This is not the first time. The gruesome images of decapitated children’s bodies and stolen innocence on Gaza’s shores are a dreadful repeat of Israel’s assault on Gaza in November 2012 and winter 2008–09. Not only are the military tactics the same but so too are the public relations efforts and the faulty legal arguments that underpin the attacks. Mainstream media news anchors are inexplicably accepting these arguments as fact.

Below I address five of Israel’s recurring talking points. I hope this proves useful to newsmakers.
1) Israel is exercising its right to self-defense.
As the occupying power of the Gaza Strip, and the Palestinian Territories more broadly, Israel has an obligation and a duty to protect the civilians under its occupation. It governs by military and law enforcement authority to maintain order, protect itself and protect the civilian population under its occupation. It cannot simultaneously occupy the territory, thus usurping the self-governing powers that would otherwise belong to Palestinians, and declare war upon them. These contradictory policies (occupying a land and then declaring war on it) make the Palestinian population doubly vulnerable.
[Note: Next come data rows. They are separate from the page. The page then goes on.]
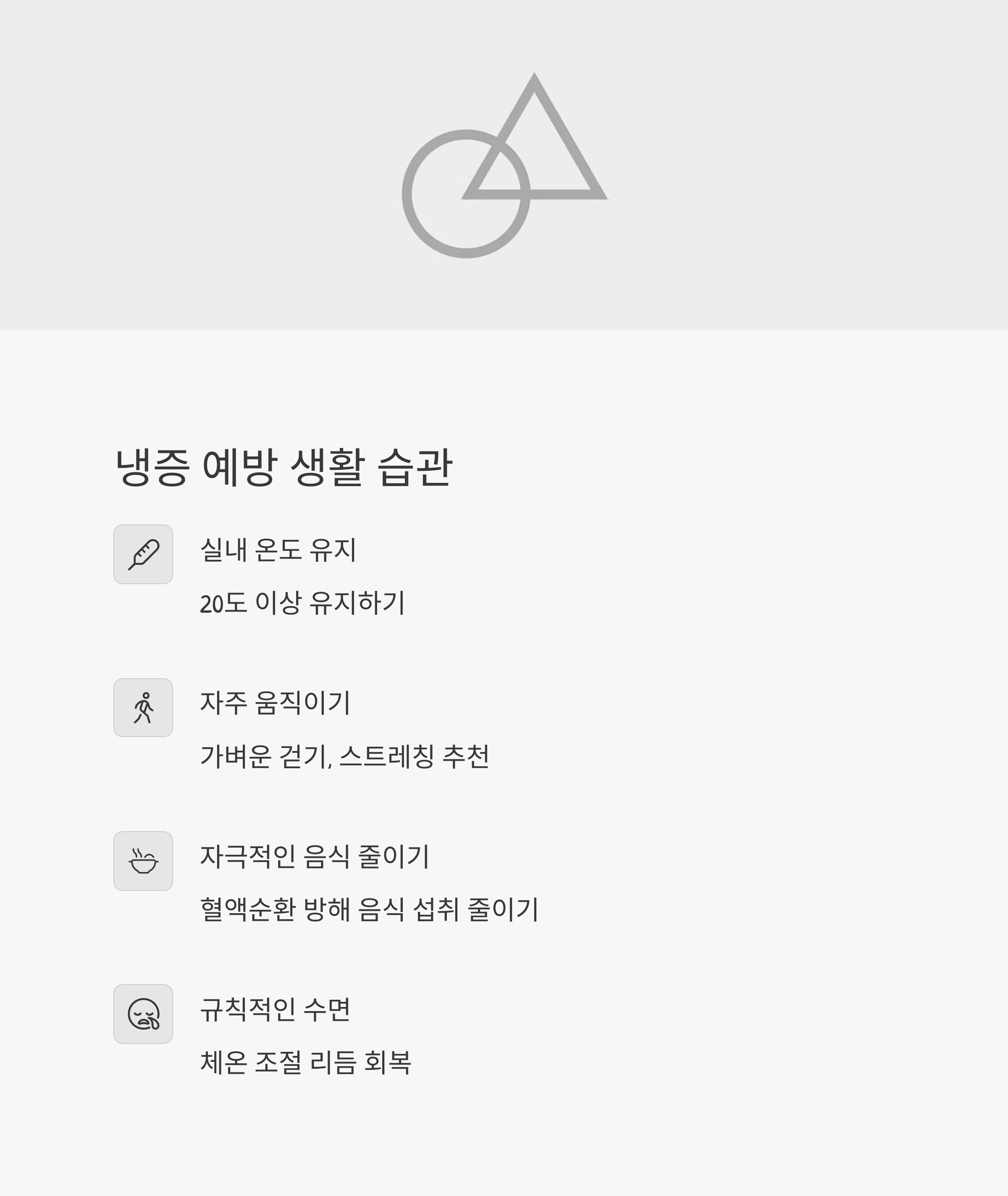 | 바닥이 차가운 곳 피하기 | 냉기 차단 |
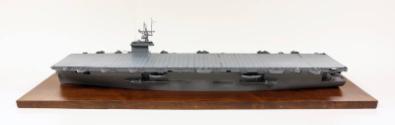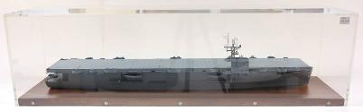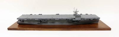 DescriptionA scale model of the aircraft carrier, USS CASABLANCA (CVE-55). The wooden ship has a gray painted wood hull. The model is mounted to wood base with an attached protective acrylic bonnet.
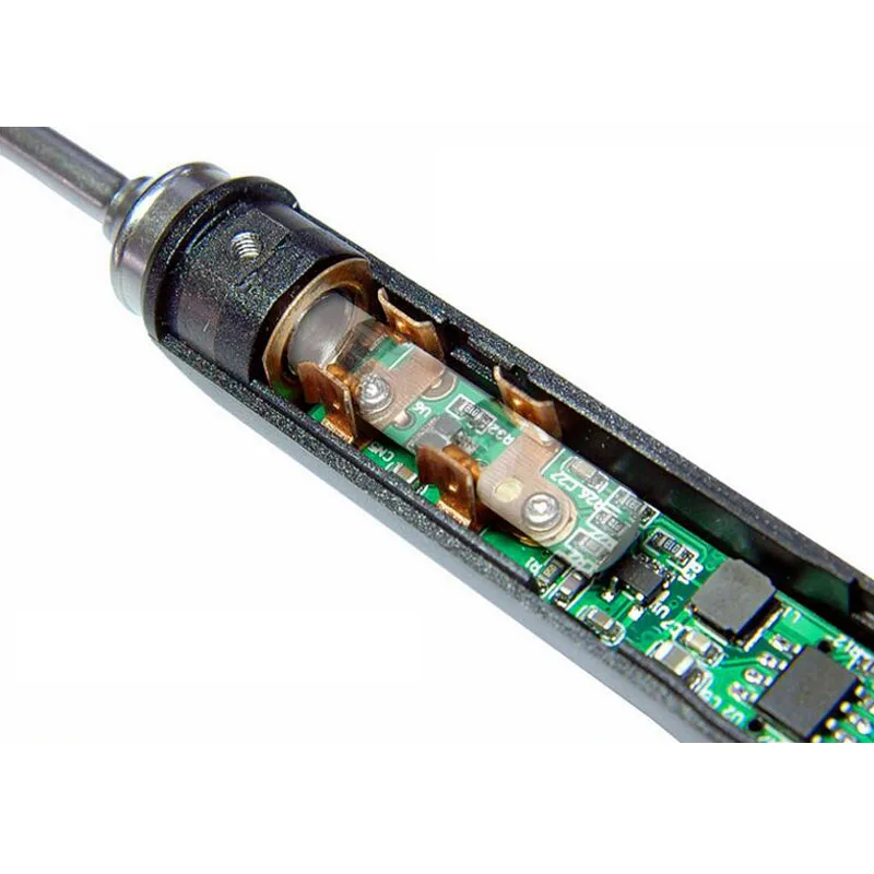 -Мини-паяльник TS100-это внутренний нагреваемый Интеллектуальный паяльник с цифровым управлением, легкий дизайн, простота установки и использования, простота в разборке и хранении, с удобной ручкой управления, эффективный нагревательный конец и простой интерфейс управления.-Он может работать между 12-24 В постоянного тока, с oled-экраном, регулировкой температуры кнопки и внешним независимым источником питания. В состоянии DC 19V 40W температура может расти до 300 ℃ в 15 секунд.
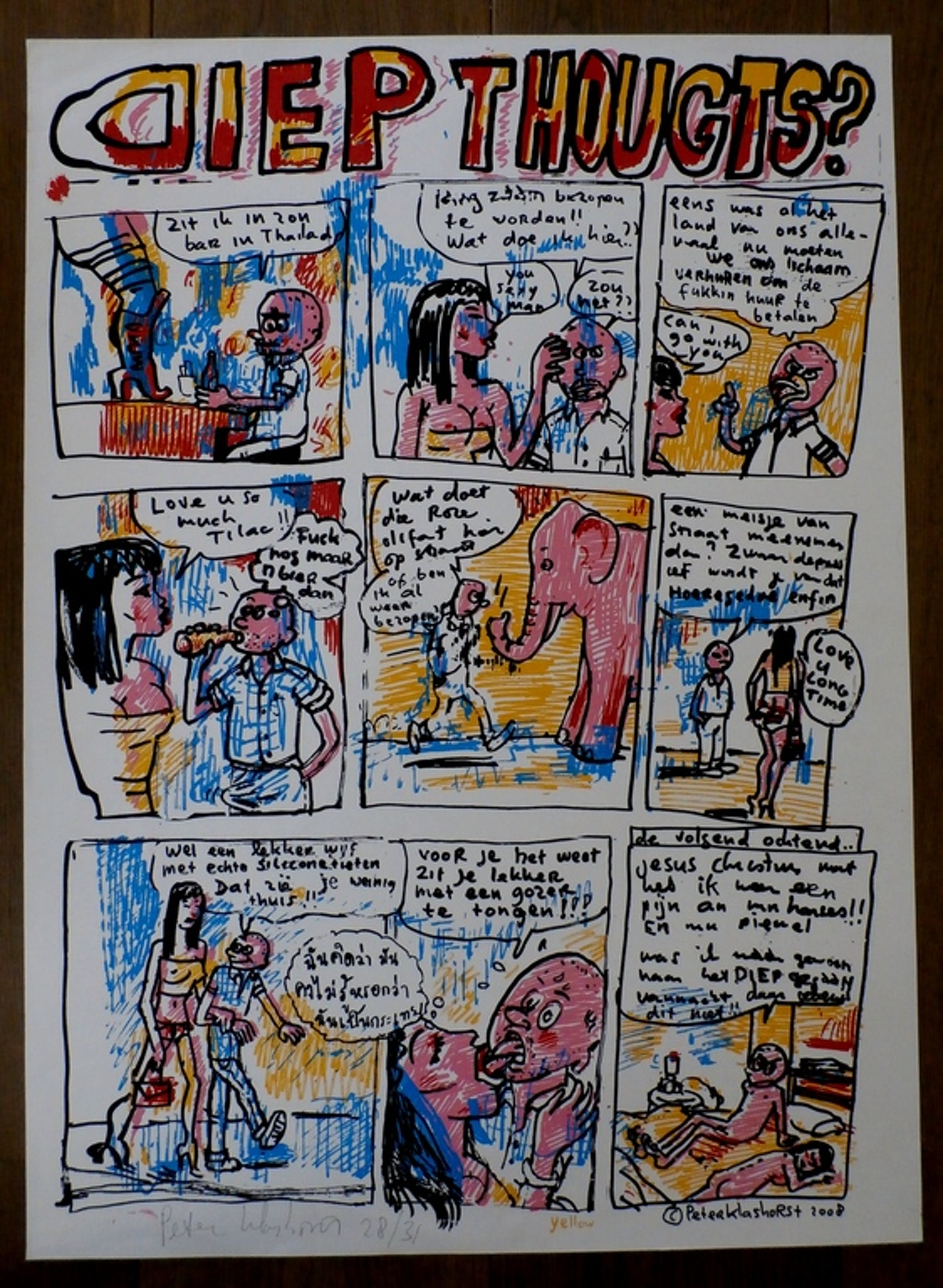 Zeefdruk van Peter Klashorst met de titel: Deep Thoughts. De zeefdruk is door de kunstenaar aan de onderzijde met potlood gesigneerd. Nummer: 28/31. Afmetingen: h76 x b56 cm. Jaar: 2008.

The precarious and unstable conditions in the Gaza Strip from which Palestinians suffer are Israel’s responsibility. Israel argues that it can invoke the right to self-defense under international law as defined in Article 51 of the UN Charter. The International Court of Justice, however, rejected this faulty legal interpretation in its 2004 Advisory Opinion. The ICJ explained that an armed attack that would trigger Article 51 must be attributable to a sovereign state, but the armed attacks by Palestinians emerge from within Israel’s jurisdictional control. Israel does have the right to defend itself against rocket attacks, but it must do so in accordance with occupation law and not other laws of war. Occupation law ensures greater protection for the civilian population. The other laws of war balance military advantage and civilian suffering. The statement that “no country would tolerate rocket fire from a neighboring country” is therefore both a diversion and baseless.

Israel denies Palestinians the right to govern and protect themselves, while simultaneously invoking the right to self-defense. This is a conundrum and a violation of international law, one that Israel deliberately created to evade accountability.
2) Israel pulled out of Gaza in 2005.
Israel argues that its occupation of the Gaza Strip ended with the unilateral withdrawal of its settler population in 2005. It then declared the Gaza Strip to be “hostile territory” and declared war against its population. Neither the argument nor the statement is tenable. Despite removing 8,000 settlers and the military infrastructure that protected their illegal presence, Israel maintained effective control of the Gaza Strip and thus remains the occupying power as defined by Article 47 of the Hague Regulations. To date, Israel maintains control of the territory’s air space, territorial waters, electromagnetic sphere, population registry and the movement of all goods and people.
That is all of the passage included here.